Чиркен, что-то, видимо, разглядев на ее лице, мягко отвечает:
– Охотник занимается добычей зверя, а не его убийством. Воспринимай это так. Кто-то делает это для пропитания, кто-то – в качестве своего рода ритуала.
– Ритуала? – Сабина чувствует облегчение, что он не стал спрашивать о причинах ее интереса.
– Охота – самый древний ритуал из всех известных, – кивает мужчина, вновь к чему-то прислушиваясь, но больше треска не слышится, и он продолжает: – Многие ранние рисунки на скалах, петроглифы, изображают зверей и процесс их загона. Человек в те времена или становился охотником, или погибал. Охота несла жизнь через смерть, неудивительно, что она стала основой для многих верований и обрядов. Как и кровь.

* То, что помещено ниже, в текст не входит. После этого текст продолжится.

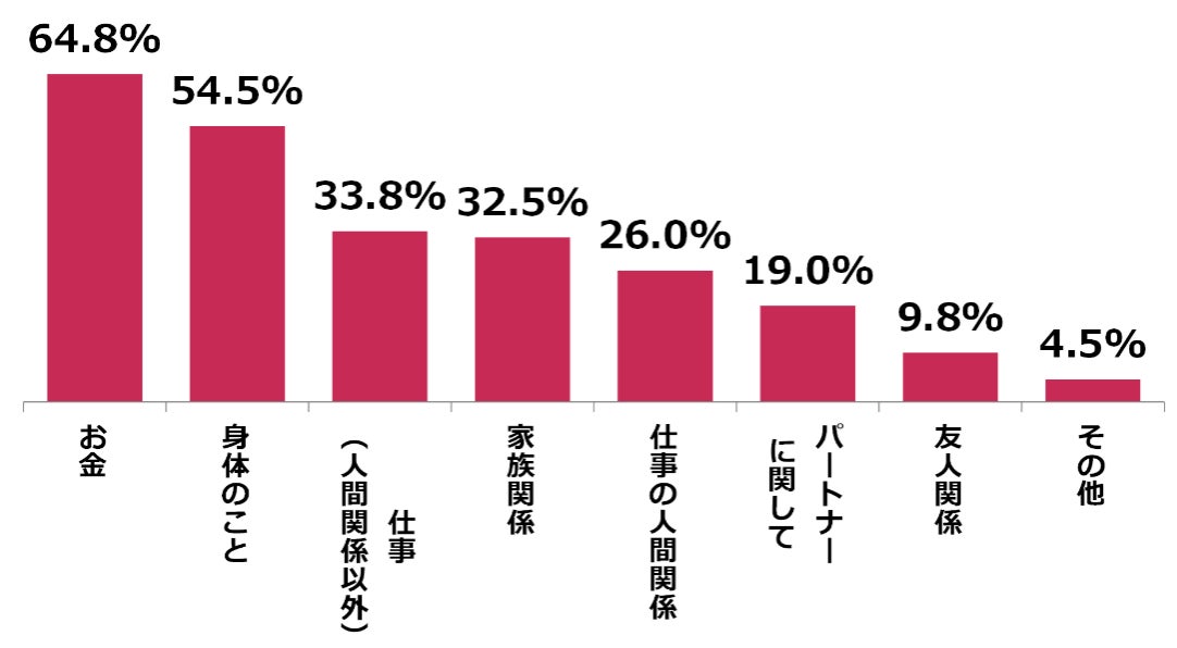 その結果「お金」64.8%、「身体のこと」54.5%それぞれ過半数以上が悩んでいることが明らかに。以下「仕事(人間関係以外)」33.8%、「家族関係」32.5%とさまざまな悩みが続きます。

– Но ведь есть люди, которые промышляют охотой в качестве развлечения. Им нравится преследовать и убивать, – тихо произносит девушка, и ее голос падает почти до шепота под конец. Она думает о неизвестном убийце, оставившем для нее свое чудовищное послание. Чувствовал ли он себя подобно охотнику, вышедшему на след дичи, когда выслеживал и убивал свою жертву? Нет, к чему эти мысли…
– Ты права. – Чиркен подбирает слова для ответа, искоса рассматривая ее. Голова Сабины отвернута от него, и периферийным зрением девушка видит только смазанный силуэт. Искаженные очертания дрожат, превращаясь в гротескные формы. – Они есть, и даже в этих угодьях случается так, что зверя просто бросают, подстреленного или убитого. Я занимаюсь тем, чтобы предотвращать подобные случаи, но не считаю тех людей за охотников.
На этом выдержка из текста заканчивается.